The logit score extracted from the neural network is

a_{k}^{w} (x)

and the standard deviation

σ_{k} (x)

must be positive. For this purpose, nonlinear SoftPlus was applied to the output of the neural network.

σ_{k} (x) = log (1 + exp (β \times x)); β = 1

(12)

Because the average

μ_{k} (x; θ)

is unrestricted, a linear layer was used for each output neuron.

4. Experiments and Results

4.1. Experimental Environment

All experiments and evaluations in this study were conducted on a 52GB RAM NVIDIA Tesla V100 16GB GPU. The anomaly detection model was built using PyTorch version 1.10.0 + cu111. The learning hyperparameters learned 200 epochs, the batch size was 16, the learning rate was

10^{- 5}

, and the patch size was 64.

4.2. Datasets

The MNIST and CIFAR10 datasets are composed of image data, all of which are in ten classes. All consist of normal and abnormal datasets in the same way as the general experimental settings for one-class classification. The image of the class is assumed to be normal and is used as training data, and the remaining classes are defined as abnormal. The test dataset consists of images of normal and abnormal classes. Images from both datasets were adjusted to H = 512, W = 512, and C = 3 and used for training and evaluation. The MNIST dataset consists of numbers between 0 and 9. There are about 6000 images for each numeric class in the training data. The test data consist of normal and abnormal classes, with a total of 10,000 images. The CIFAR10 dataset contains image data for ten classes, and the training dataset has approximately 5000 images per class. The model was trained with 4500 images and the performance was verified with the remaining 500 images. The test data consisted of 10,000 images in both normal and abnormal classes.

We used the MVTec Anomaly Detection (MVTecAD) [26] dataset, which is designed to test anomaly detection algorithms for industrial quality control. MVTecAD is classified into 15 categories and consists of 3629 images in total for training and verification and 1725 images for testing. The original image resolution ranges from 700 × 700 to 1024 × 1024. The training set has only defect-free image data. The test set consists of various defective image data and defect-free image data. The test set has different types of abnormalities from class to class, but there are abnormal defects in the form of cracks, deformation, discoloration, and scratches. As can be seen from the Capsule class in Figure 6, the objects are centered and aligned in a uniform manner throughout the dataset. Since the abnormal phenomena are different in size, shape, and structure, the method can be applied in various situations for industrial defect detection.
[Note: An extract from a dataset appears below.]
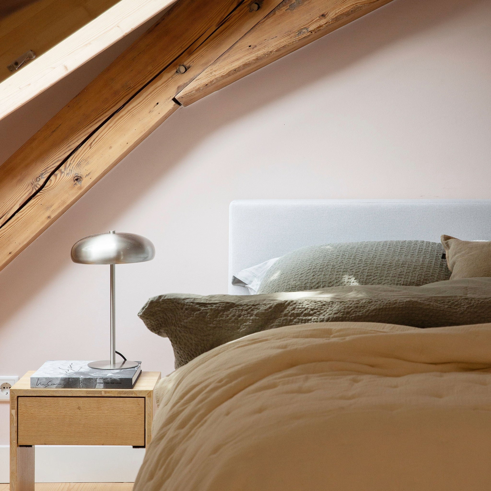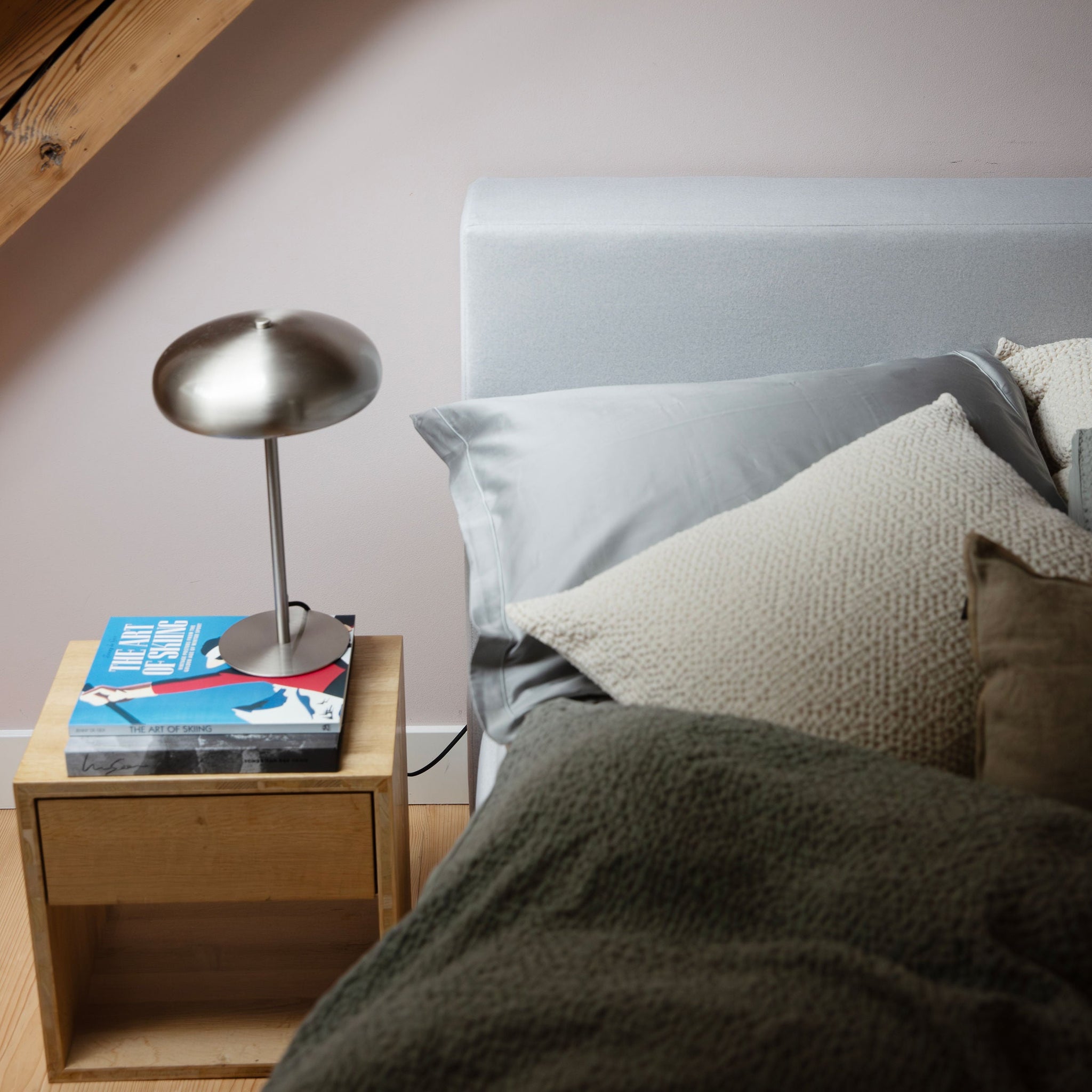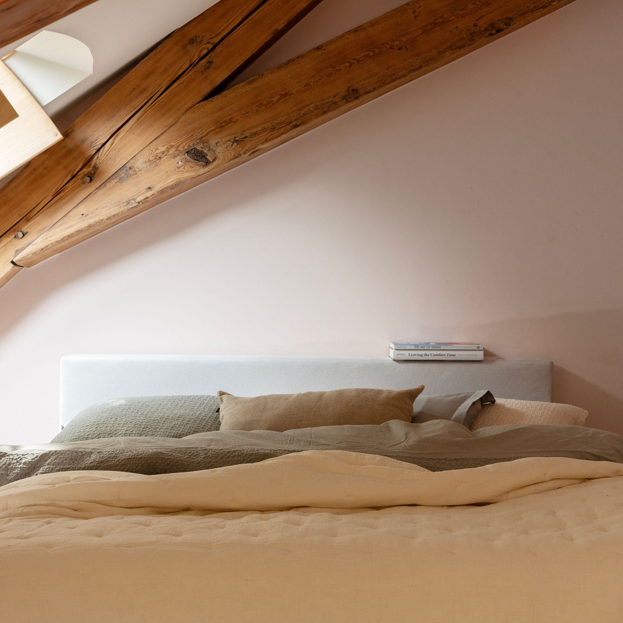 The Alpines are every bit as comfortable as they are stylish. Inspired by the serene beauty of the mountains, our Alpines feature a cozy wool-inspired fabric, complemented by oak legs and our signature slightly lower cube headboard. Our bespoke favourite combination.

4.3. Baselines and Evaluation Metrics

The proposed method uses the maximum value of the log-likelihood loss to perform global anomaly detection. We also used only the log-likelihood loss to locate abnormalities. We saved the log-likelihood loss for all patch locations, then used 2D bilinear upsampling to perform the upsampling, entered the size of the image, and obtained a heat map. Then, the per-region overlap score (PRO score) [27] was used as an evaluation metric for the MVTecAD dataset. To make a binary decision for each pixel, when computing the PRO score and heat map, a threshold was first specified at a given anomaly score. Then, the ratio of overlapping with the GT (ground truth) was calculated. Using the same approach as in [28], we obtained the PRO score for the increment threshold until the average positive rate per pixel reached 30%. The MSIST dataset and the CIFAR10 dataset used the area under the receiver operating characteristic (AUROC) as a performance metric for comparison results. AUROC has frequently been used in several previous studies to verify the performance of anomaly detection and positioning [29,30]. AUROC evaluates the anomaly detection and positioning performance based on the false positive rate (FPR) and the true positive rate (TPR).
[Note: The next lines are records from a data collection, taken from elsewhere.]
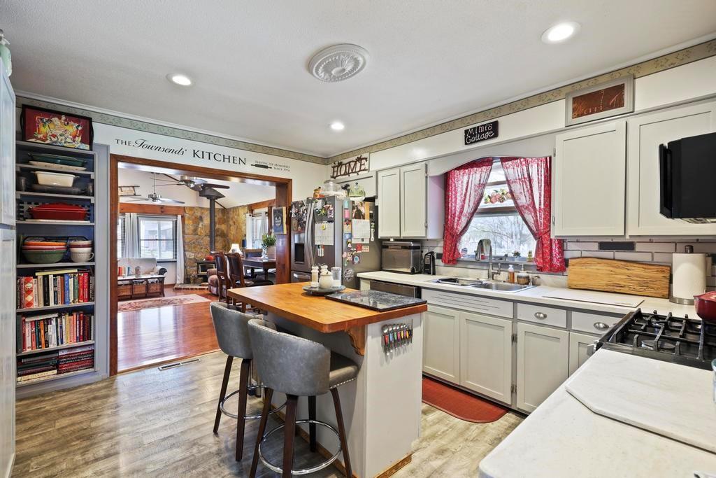 Escape to your own slice of the countryside with this charming 2 bed, 2 bath home nestled on 5.3 acres right outside of town on blacktop! Full of character and warmth, this property offers the perfect blend of comfort, space, and indoor-outdoor living. Step inside to find a cozy and inviting interior with timeless charm and nice flow. The living room has large windows and beautiful hardwood floors. The updated kitchen features shaker style cabinetry, solid surface countertops, and stainless appliances, as well as a cute center island. The dining room and den are spacious and inviting, showcasing wooden beams, a vaulted ceiling, a wood stove with a stone surround, and French doors overlooking the expansive yard to the back of the property. While outside, you’re sure to fall in love with everything this property has to offer. Enjoy quiet evenings relaxing on the well-appointed covered patio, spend summer days relaxing in the above-ground pool complete with a spacious surrounding deck, host gatherings that seamlessly transition from inside to outside, or take advantage of the small acreage which provides endless opportunities! Featuring ample gardening space for your green thumb, ground to farmstead or raise some animals, or just some room to roam your own property, these 5.3 acres offer options and privacy! With a 2-car detached garage, plus a small barn, and a garden shed, there is no shortage of room for all your tools, toys, or hobbies. Whether you’re looking for a quiet retreat, a hobby farm, or just more space to spread out, this property has it all. Don’t miss your chance to own this unique piece of country living!
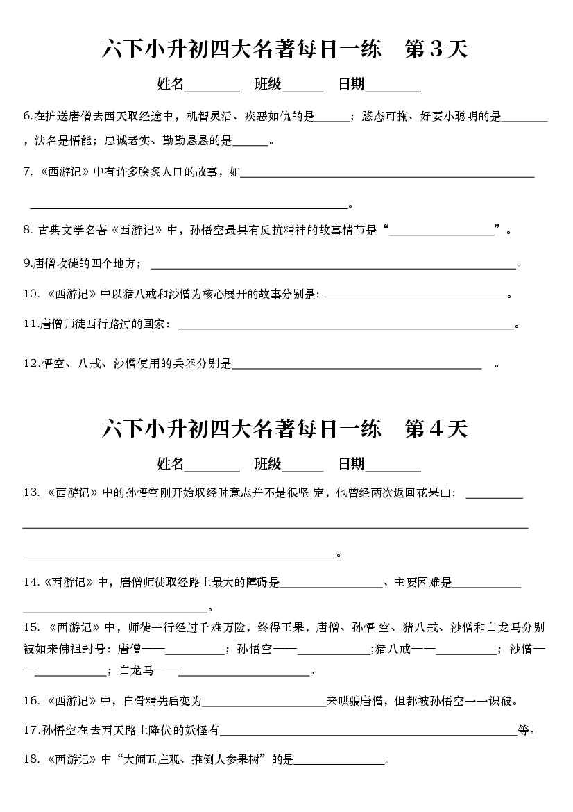 首页 > 全部 > 专项练习 > 【四大名著每日一练(小升初)】六下语文
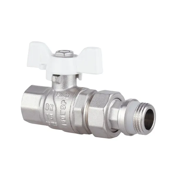 Кран кульовий Base 3/4"ВЗ прямий, з американкою, латун., нікельов., PN40, метелик SD221W20 Thermo Alliance
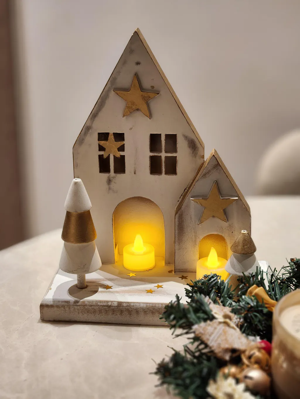 This rustic wooden house tealight holder creates the perfect holiday glow. Light a tealight inside and watch the cozy ambience instantly elevate your Christmas styling.
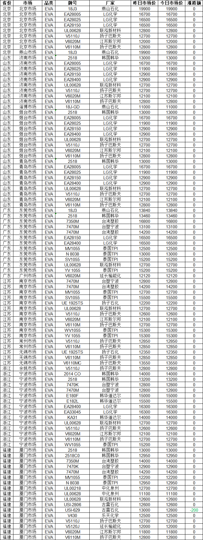 [Eva Price Summary] Eva Market Prices Steady With Some Drops, Up to 200 Yuan Decrease!
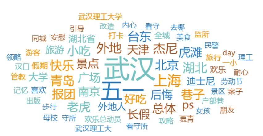 經統(tǒng)計,“武漢”“五一”“長假”“湖北”等詞成為“五一”期間武漢相關信息的核心關鍵詞。這從側面說明旅游成為當?shù)厝硕冗^假期的首選。從“景點”“景區(qū)”“戶部巷”“好吃”“武漢理工大學”等關鍵詞中可以看出游客的關注重點。

The proposed approach uses the reconstruction errors between the decoder and the original image to determine anomalies. The mean squared error (MSE) was used to measure the loss value. The MSE averaged the sum of the squares of the input image and the predicted image deviation according to the size of the dataset, which can be defined by the formula

\frac{1}{n} \sum_{i = 1}^{n} {(y_{i} - {\hat{y}}_{i})}^{2}

, where

y_{i}

is an input image and

{\hat{y}}_{i}

is an image output from the decoder. The closer the value is to the no-abnormality value, the lower the resultant MSE. When abnormal images are input to learn the distribution of normal images while reconstructing the image, the abnormal areas are not reconstructed properly, resulting in an increase in the MSE. After determining the presence or absence of abnormality through the MSE, the normal presence or absence of each pixel of the image is determined using a score map for identifying the abnormality position.

4.4. Results

To evaluate the performance of ViV-Ano with ViT and VAE-based structures, we compared the results from [31,32] using the ViV-Ano anomaly detection performance on the MNIST and CIFAR10 datasets, and compared the MVTecAD dataset with the experimental results in this paper. Anomaly detection using the aforementioned three model types (MNIST, CIFAR10, MVTecAD) confirmed similar or better performance than existing models.
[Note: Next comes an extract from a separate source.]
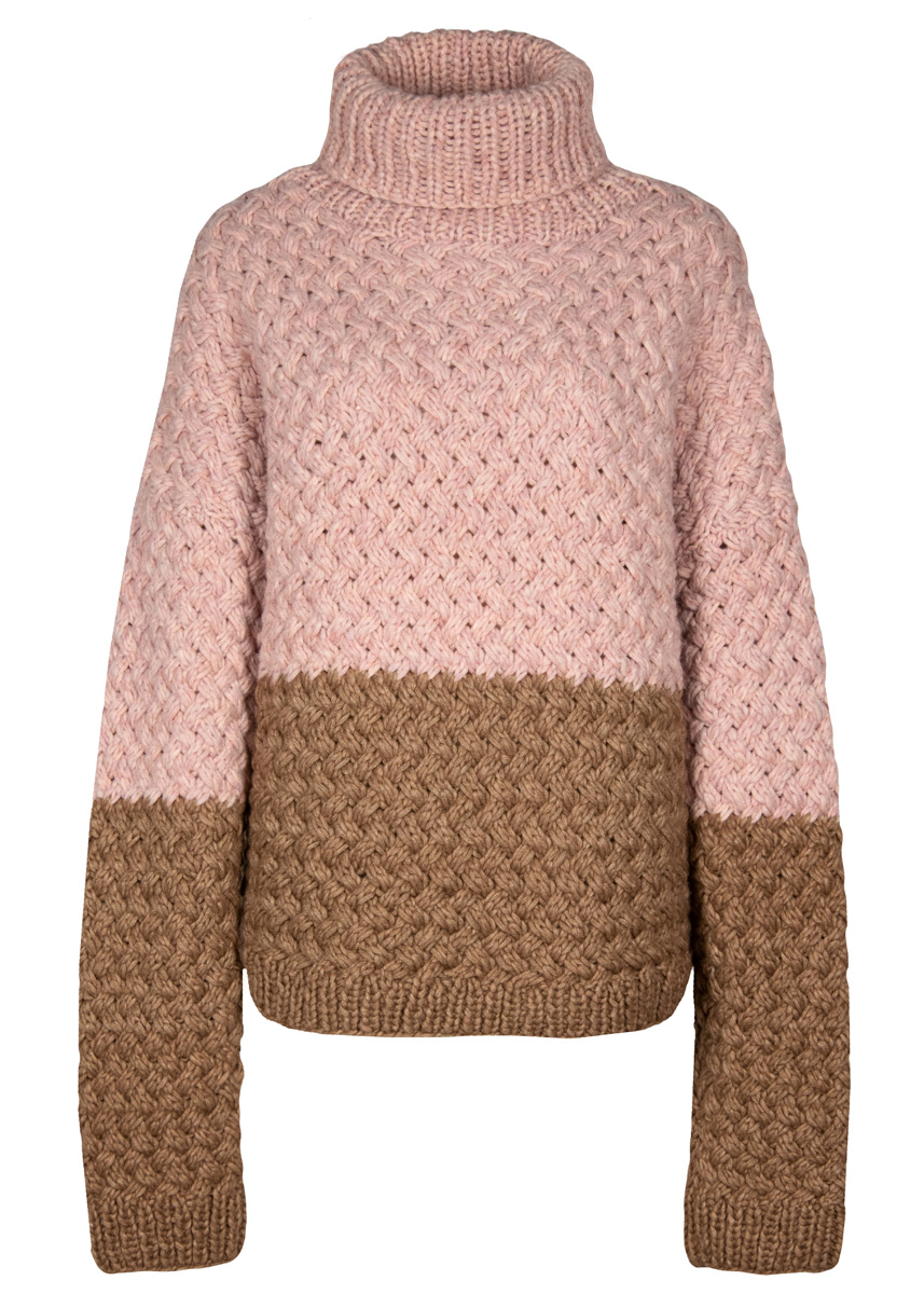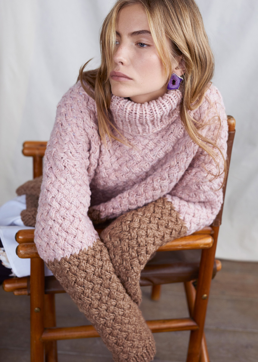 Lana Grossa-kvalitet ”Lala Berlin Lovely Cotton” (75 % ren ny uld (superfin merino), 25 % bomuld, løbelængde = ca. 75 m / 50 gr.): 500(550-600) gr rosa (fv 6) og 250 gr nougat (fv 4) eller som på model 29 750(800-850) gr lysegrå (fv 5), strikkepinde nr. 7 og 10, rundpind nr. 7, 40 cm, 1 snoningspind.

The model was tested using MNIST and CIFAR10, which are reference datasets for anomaly detection. Anomaly detection is defined at the global level, and not limited to specific and possible small image patches like those in datasets such as MVTecAD. Therefore, anomaly detection was performed using only the reconstruction loss, without determining the anomaly location. From the results in Table 1 and Table 2, it can be confirmed that anomaly detection was achieved with a similar or better performance than the existing method. In addition, anomaly detection and localization were performed using the MvTecAD dataset. The results for the MVTecAD dataset in Table 3 show that the proposed model exhibited a better performance than the other models in Category 5. From Table 3, it can be seen that anomaly detection in product images such as textures and objects is performed well.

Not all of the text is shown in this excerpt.